風呂場のリバース
和輝は、一向に収まらない自分の興奮に、ガンガンする頭を押さえながら一旦起き上がり、既に自分を締め付ける存在でしかないズボンを脱いで、再びソファーに横になった。
そして、悪心が収まっていないにもかかわらず、固くなった自分の一物に右手を持っていき、そのいきり立つ一物をなだめるようにゆっくりと上下になで始めた。
いつもであれば、その一物の先っぽに向かって、熱い液が押し寄せるのだが、この時は違った。

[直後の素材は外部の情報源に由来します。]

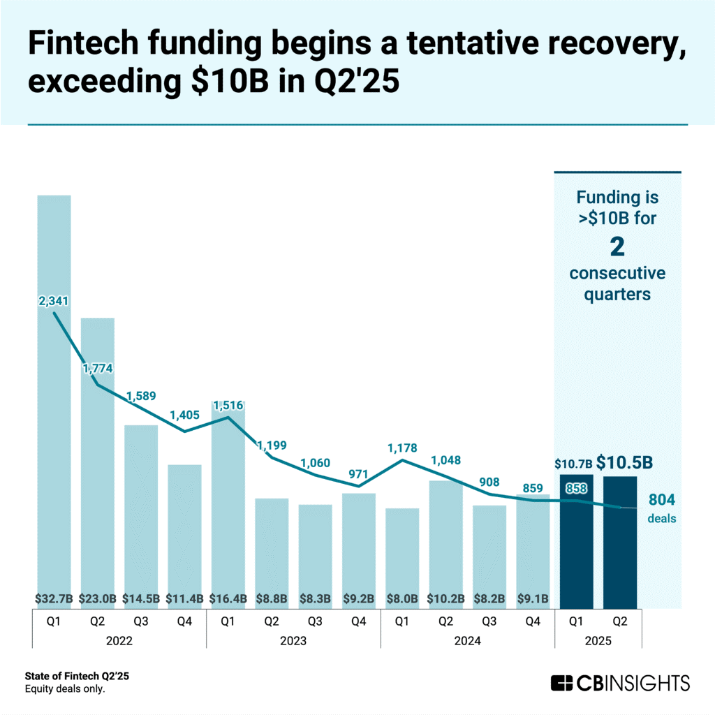 金融科技融资在2025年第二季度保持稳定,达到105亿美元,这是自2023年初以来首次连续两个季度超过100亿美元。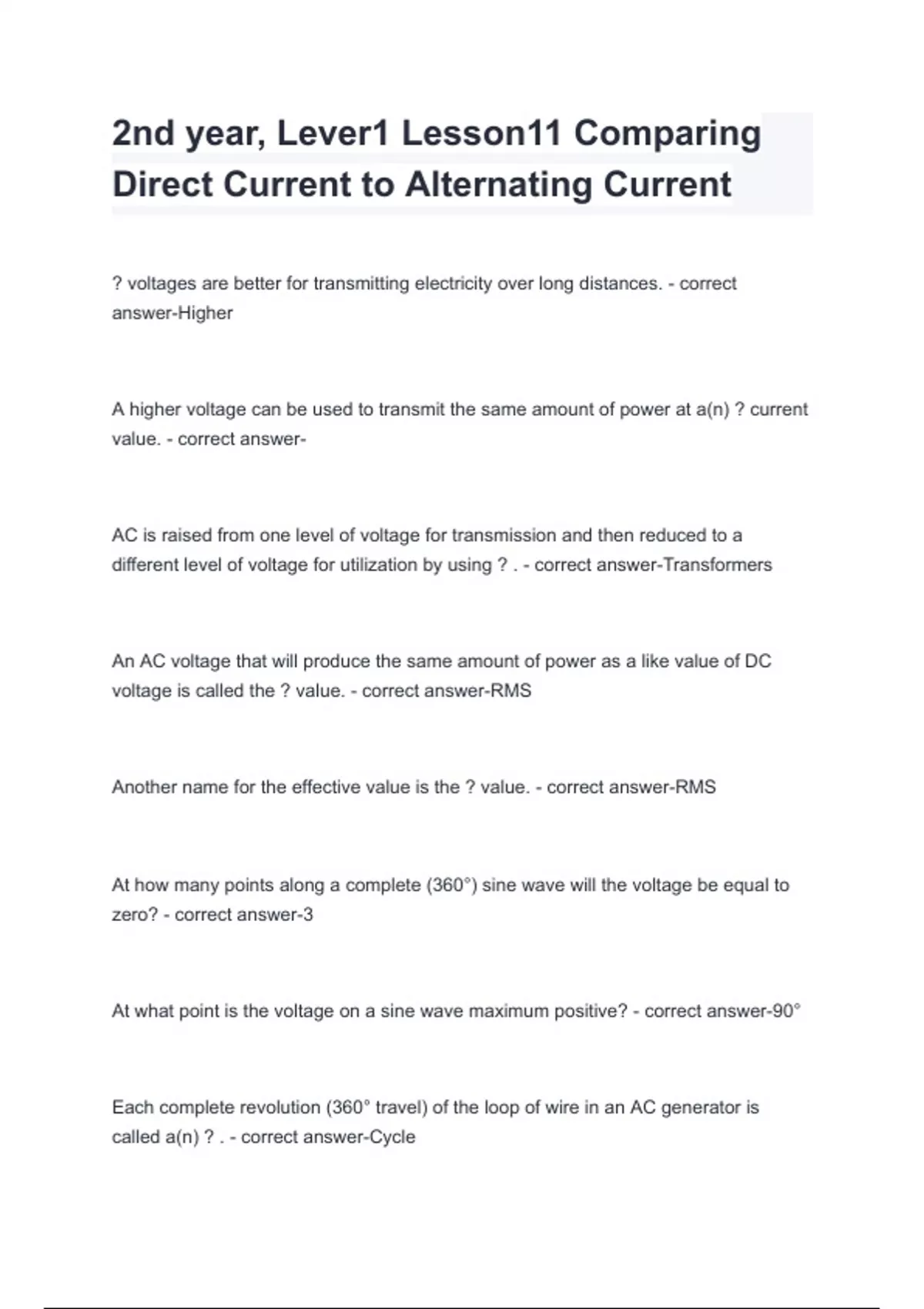 2nd year, Lever1 Lesson11 Comparing Direct Current to Alternating Current Questions with 100% Actual correct answers | verified | latest update | Graded A+ | Already Passed | Complete Solution

先ほどまではなんとか我慢のできていた悪心が一気に度を増して胃の底から上に向けて上がってきたのだ。
「あっ……だめだ」
そう思うと、一物を握っていた右手を放し、その手で口を押えた。
「うぇ うぇ」声にならない声を上げながら、何とか初めの胃からの進撃は押し返すことができた。
しかし、すぐに第二陣の進撃が開始され、これを再び押し返すことは既に不可能であった。
和輝は、右手で口を押えたまま、ソファーから飛び起きると、響子がシャワーを浴びているバスルームに駆け行った。
一刻の猶予もなかった。
奥に響子のいるバスルームのドアを「ドンドン」と乱暴にたたき、押し寄せる悪心を我慢しながら「響子さん、気分悪い……入っていいですか?」と、大声で訴えた。
中から聞こえていたシャワーの音がやんだ。
「なに? 覗いちゃダメって言ったじゃない?」
響子の返答は、至極もっともな冷静なものであった。
「だけど、俺、もう吐きそうで、ダメ……」すでに、和輝は泣きべそをかいていた。
「えっ? 気分が悪いの?」一刻を争う和輝とは対照的に、響子の返しは悠長なものであった。
「もうダメだって」
その時、初めて和輝の尋常でない様子に気づいた響子は慌てて、「吐きそうなの?カギ掛かってないから、早く入んなさい」と言ったが、その言葉が終わるか終わらないかの前に、右手で口を押えた和輝がその狭い部屋になだれ込んだ。
そして、便器に顔を持っていきながらも、そのフタを開ける余裕はなく「ブハ!」と必死に体内に留まらせていたアルコールの混ざった胃液を口を押えていた指の間からあたり一面にぶちまけた。
そのとたん、「シャー」という音とともにシャワーカーテンが開いた。
「なに? やっちゃった?」
和輝の頭の上から響子の声がした。
「ごめんなさい」
抑え込んでいた胃液を一気に吐き出してとりあえず気持ちの戻った和輝が、顔を声のした方に向けた。
そこには、響子の真っ白な裸体があった。
「あっ! ごめんなさい」和輝は急いで目を伏せた。
「あ~あっ 派手にやっちゃったわね。壁にまで飛び散ってるじゃん」
そう言うと、響子は持っていたシャワーの湯を、和輝が汚した壁に向けた。
和輝は、再び「ごめんなさい」と謝った。
そのとたん「シャー」というシャワーの音とともに、和輝の頭にシャワーの湯がかかった。
「わっ! わっ!」あわてる和輝を無視して、そのシャワーの湯は和輝の身体にまで下がった。
着ているTシャツとパンツがびしょ濡れになった。
「わっ わっ わっ」という和輝の声に「もう、全部洗ったげるから、そこで全部脱いで、こっち来なさい」
シャワーの湯を和輝に浴びせながら響子は大笑いをしていた。